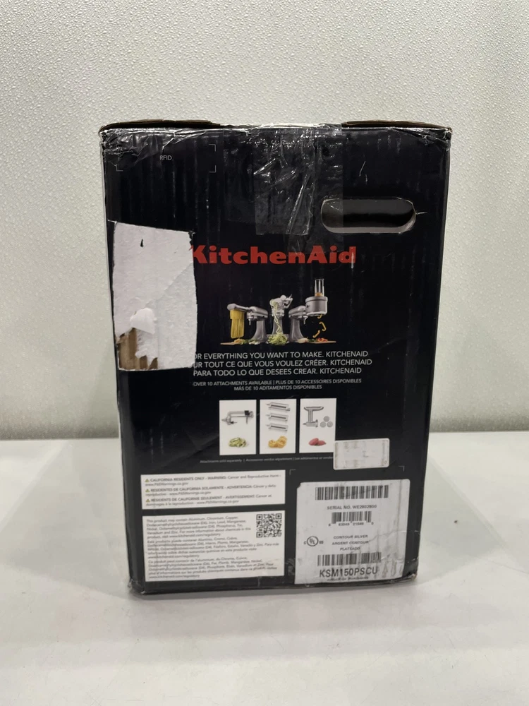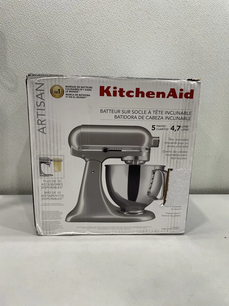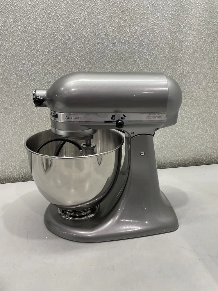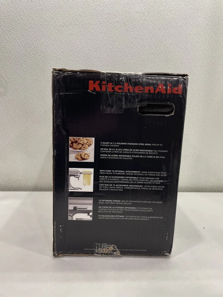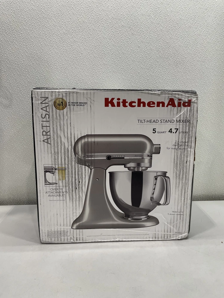 ebay template KitchenAid Artisan 5 qt. Tilt-Head Stand Mixer Contour Silver Condition: Open box -- New in original distressed packaging. Dusty from warehouse storage. Notice: All items included are shown in photos. All dimensions are approximate. Item Specifics: BRAND KitchenAid MODEL Stand Mixer COMPONENTS INCLUDED 1x Coated Flat Beater, 1 Coated Dough Hook, 1x 6-Wire Whip COLOR Gray CAPACITY 5 qt POWER SOURCE Electric TYPE Standalone Mixer UNIT QUANTITY 1 UNIT TYPE Unit Cargo Largo is not sponsored by or affiliated with the brand associated with the product being sold. Payment Shipping Local Pickup Returns Contact Us Payment Cargo Largo requires payment within four (4) days. (Please note that this is real-time, beginning when the auction ends.) If payment has still not been received by the fourth (4th) day after the end of the auction, Cargo Largo will relist the item. Most states require the collection of SALES TAX on online sales by remote sellers. We will abide by all local, state and federal tax codes and buyer should check their state and locality for tax liability. Residents of Missouri and all buyers who pick their item(s) up locally are required to pay Missouri sales tax on all items. Shipping We ONLY ship within the lower 48 United States. We ONLY ship to the address selected by the customer at checkout. Buyers MAY NOT arrange their own shipping. ALL orders with total value of $750 or more WILL require a delivery signature. For this item, we DO NOT offer combined shipping with other listings. Local Pickup We offer local pickup for all our eBay auction items. To request local pickup for items you have won, please send us a message asking for “pick up” and we will send you an updated eBay invoice with your total. All local pickup orders MUST be paid within 4 DAYS after the listing ended per eBay policy. The payment total will include Missouri sales tax AND a $4 handling fee per item. Buy It Now items are NOT eligible for local pickup. Paid items must be picked up within 10 DAYS after the end of the listing. If not, your order will be cancelled and refunded. If someone else is picking up your order, please email us 1 day before and give us the name of the person picking the item(s) up and order#. Items will not be released without notification. Local Pickup Location 7460 Stadium Drive Kansas City, MO 64129 Pickup Hours SUNDAY MONDAY TUESDAY WEDNESDAY THURSDAY FRIDAY SATURDAY CLOSED 11am-6pm 7:30am-4pm CLOSED 7:30am-4pm 7:30am-6pm CLOSED Returns We are not an authorized dealer of this product and any warranty included with the product may not be honored by the manufacturer. If you believe that the item purchased from us does not match the item description, or if your item was damaged during transit, please contact us to discuss return and refund options. In order to initiate the refund process, buyer must contact us within 30 Days of receipt of item. All returns will require a return authorization. Please note that we will only pay return shipping if our listing does not accurately reflect the specifications or condition of the item received. If you wish to return an item for any other reason, we will accept a return on MOST items, provided that the item is returned to us in the same condition and within 30 Days. This applies to both the item and retail packaging. Buyer will be responsible for both original and return shipping charges Seller will initiate this transaction and refund the buyer once the item has been received AND agreed to the mutual cancellation. We DO NOT accept any returns on any item marked AS IS for any reason other than a grievous error in the listing. Please bid accordingly on all items listed AS IS. Additionally - to protect product hygiene and freshness for our customers, undergarments and swimwear are not returnable. Sizes vary from brand to brand; please be familiar with the brand you are bidding on. If you need more information, contact us directly. Contact Us If you have any questions, please use the “Contact Seller” link in the upper right section of the listing. Our business hours are 8:00 AM - 3:30 PM Monday-Friday (Central Time). Sales completed and emails received after normal business hours may be handled the next business day. Sell Smarter with Kyozou. Inventory and Ecommerce Management
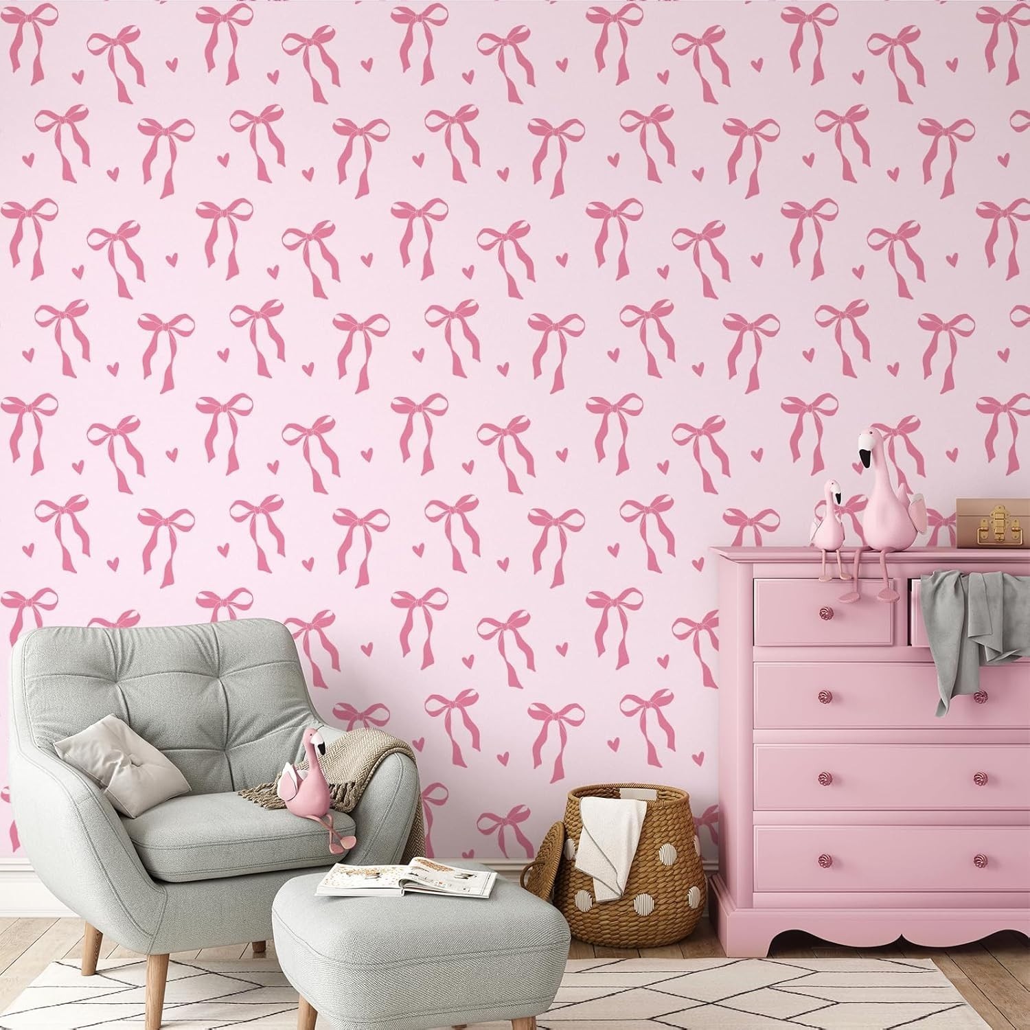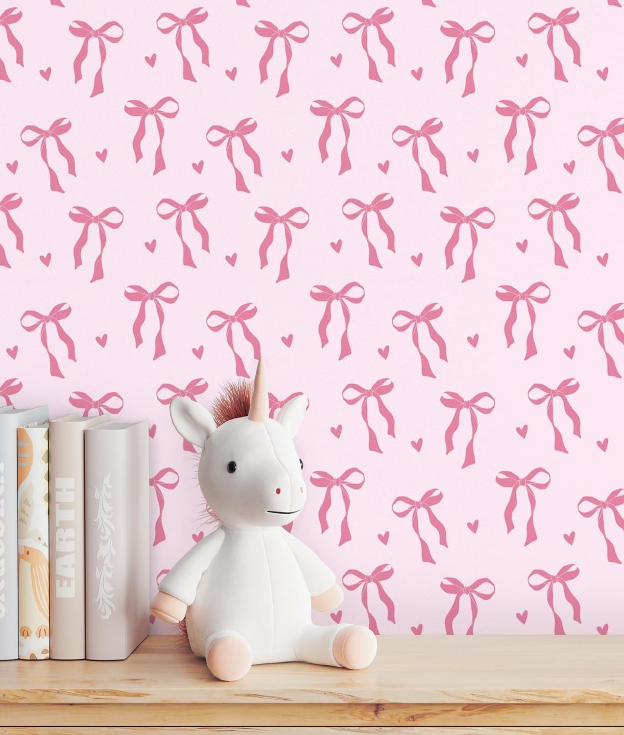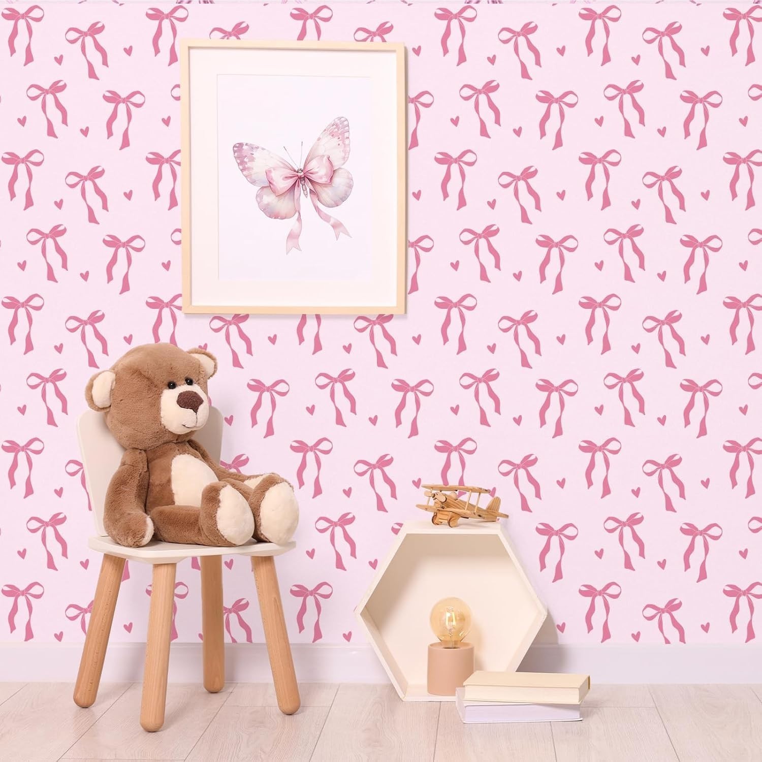 Peel and Stick Wallpaper, 17.3 Inch x 6.5 Feet, Bow and Love Design Self Adhe
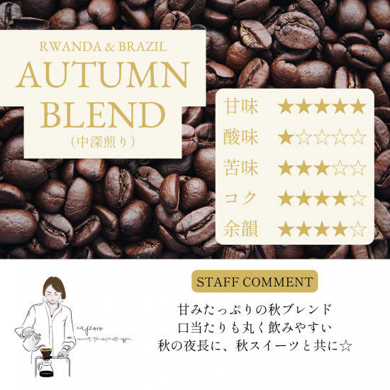 毎年秋に発売するAutumnBlendのテーマは『秋のスイーツに合う』で、
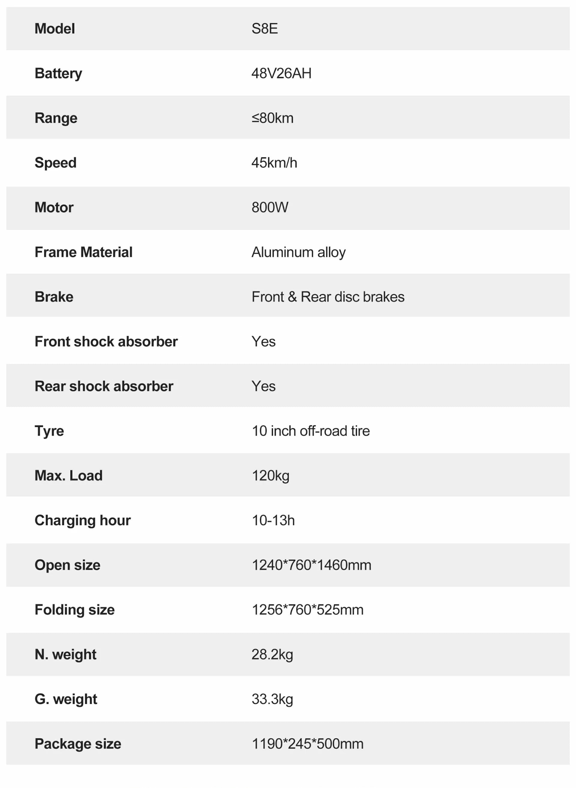 • Battery: 48V 26Ah
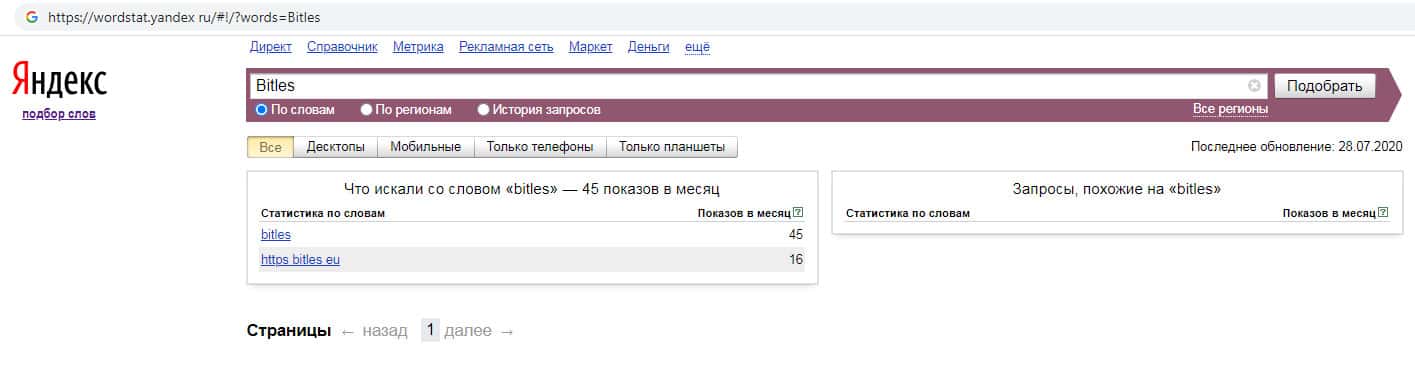 Количество запросов по бренду названия компании на русском языке "Битлес" в поисковике Яндекс составляет 67 запросов за месяц.
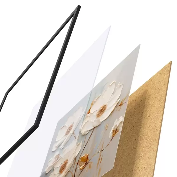 Plakát se skládá z rámu, plexiskla, tištěného obrazu a dřevotřískového podkladu. Díky úchytům na zadní straně lze plakát ihned zavěsit na zeď.

[EXERCISE AIM]:
Your reply should consist only of the lines running from the line with "毎年秋に発売するAutumnBlendのテーマは『秋のスイーツに合う』で、" to the end of the entries, both included, copied exactly and without any pictures.

[OUTPUT FOR THIS EXERCISE]:
 毎年秋に発売するAutumnBlendのテーマは『秋のスイーツに合う』で、
 • Battery: 48V 26Ah
 Количество запросов по бренду названия компании на русском языке "Битлес" в поисковике Яндекс составляет 67 запросов за месяц.
 Plakát se skládá z rámu, plexiskla, tištěného obrazu a dřevotřískového podkladu. Díky úchytům na zadní straně lze plakát ihned zavěsit na zeď.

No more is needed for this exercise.